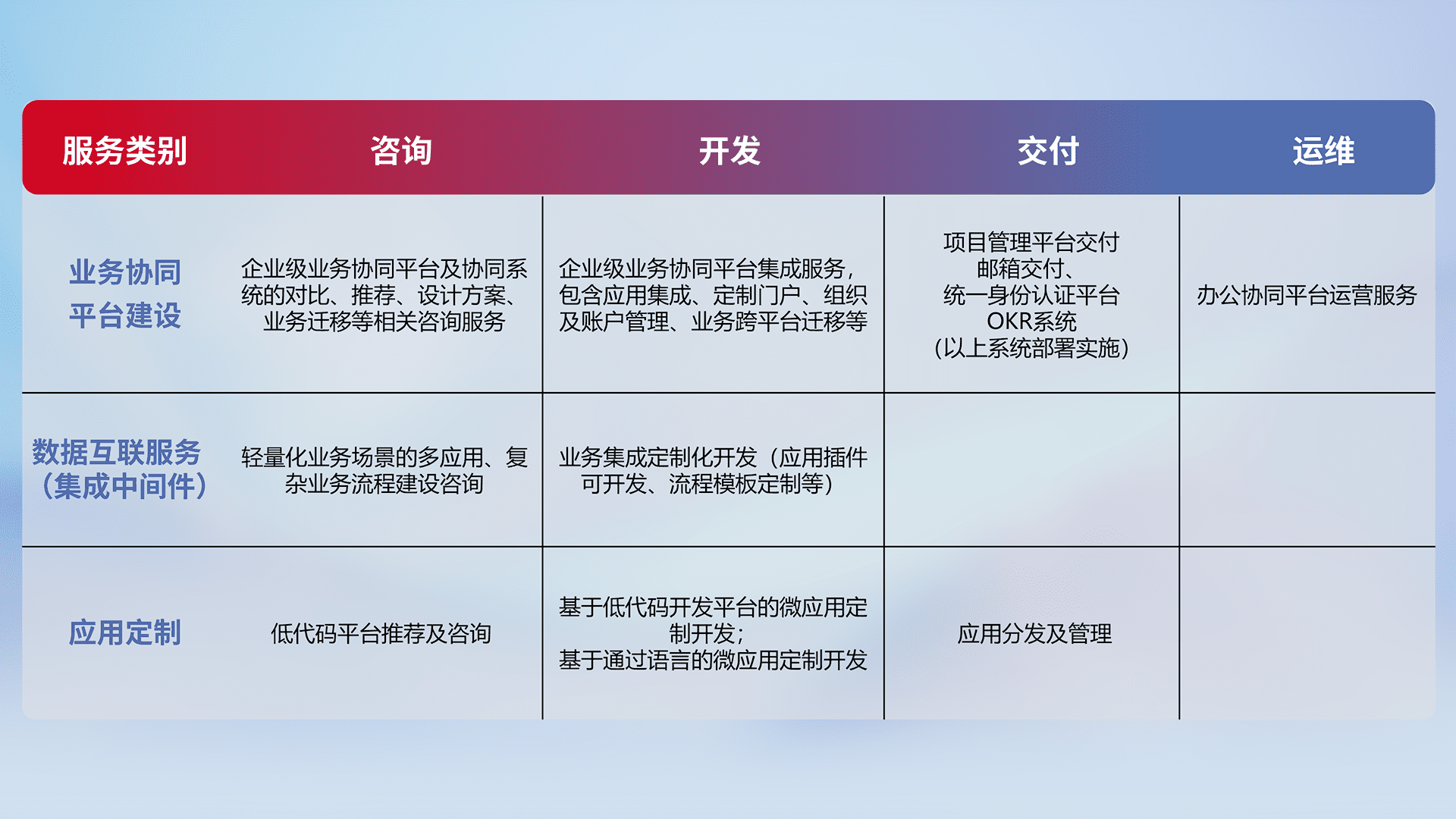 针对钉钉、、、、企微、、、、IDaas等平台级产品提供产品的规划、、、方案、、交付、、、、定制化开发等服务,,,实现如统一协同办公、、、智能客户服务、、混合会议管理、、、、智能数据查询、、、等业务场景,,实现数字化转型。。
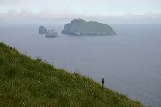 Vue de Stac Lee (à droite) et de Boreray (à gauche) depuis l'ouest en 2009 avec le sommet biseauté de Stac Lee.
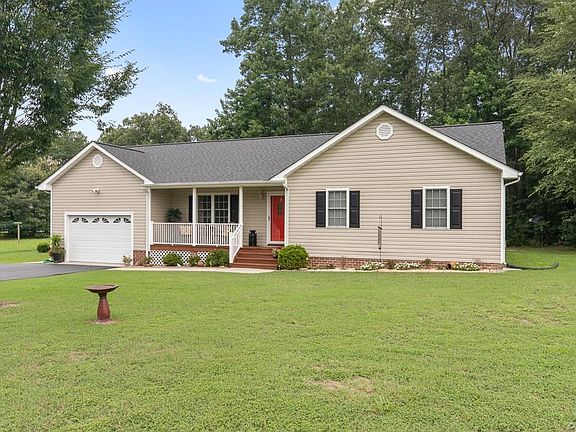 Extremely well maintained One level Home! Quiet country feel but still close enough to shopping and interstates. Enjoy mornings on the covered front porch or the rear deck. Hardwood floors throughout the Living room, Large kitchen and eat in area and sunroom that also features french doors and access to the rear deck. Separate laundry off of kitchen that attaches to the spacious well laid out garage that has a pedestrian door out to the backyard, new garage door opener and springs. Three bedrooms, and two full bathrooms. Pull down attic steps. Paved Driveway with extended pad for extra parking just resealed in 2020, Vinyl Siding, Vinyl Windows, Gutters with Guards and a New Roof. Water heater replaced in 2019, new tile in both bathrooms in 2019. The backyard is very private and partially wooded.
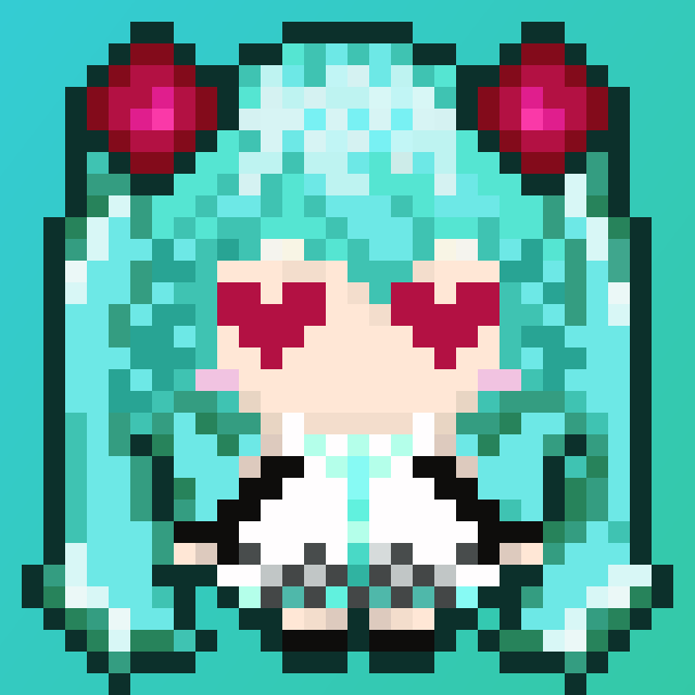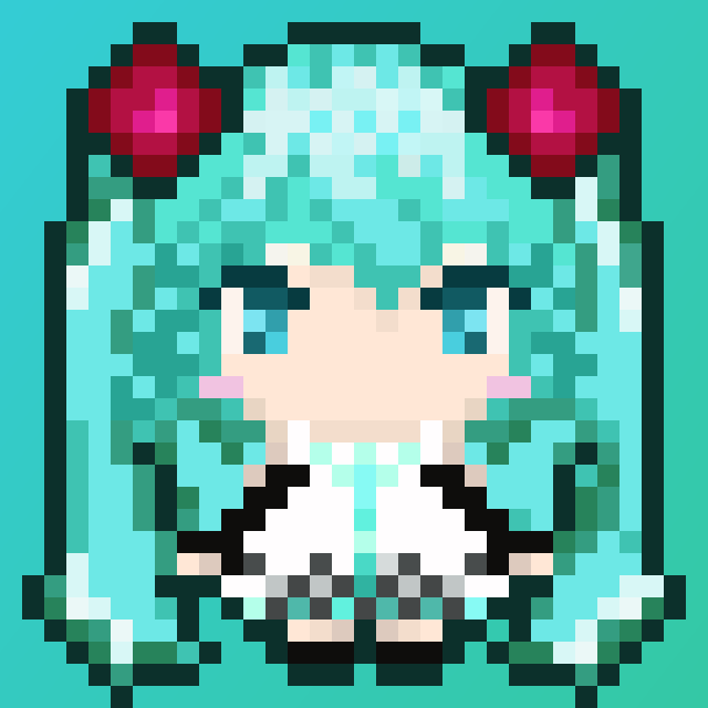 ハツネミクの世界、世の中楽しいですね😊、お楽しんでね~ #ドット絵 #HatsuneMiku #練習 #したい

### [Problem requirements]
Output nothing but an exact retyping of the material, pictures excluded.

### [Expected answer]
 针对钉钉、、、、企微、、、、IDaas等平台级产品提供产品的规划、、、方案、、交付、、、、定制化开发等服务,,,实现如统一协同办公、、、智能客户服务、、混合会议管理、、、、智能数据查询、、、等业务场景,,实现数字化转型。。
 Vue de Stac Lee (à droite) et de Boreray (à gauche) depuis l'ouest en 2009 avec le sommet biseauté de Stac Lee.
 Extremely well maintained One level Home! Quiet country feel but still close enough to shopping and interstates. Enjoy mornings on the covered front porch or the rear deck. Hardwood floors throughout the Living room, Large kitchen and eat in area and sunroom that also features french doors and access to the rear deck. Separate laundry off of kitchen that attaches to the spacious well laid out garage that has a pedestrian door out to the backyard, new garage door opener and springs. Three bedrooms, and two full bathrooms. Pull down attic steps. Paved Driveway with extended pad for extra parking just resealed in 2020, Vinyl Siding, Vinyl Windows, Gutters with Guards and a New Roof. Water heater replaced in 2019, new tile in both bathrooms in 2019. The backyard is very private and partially wooded.
 ハツネミクの世界、世の中楽しいですね😊、お楽しんでね~ #ドット絵 #HatsuneMiku #練習 #したい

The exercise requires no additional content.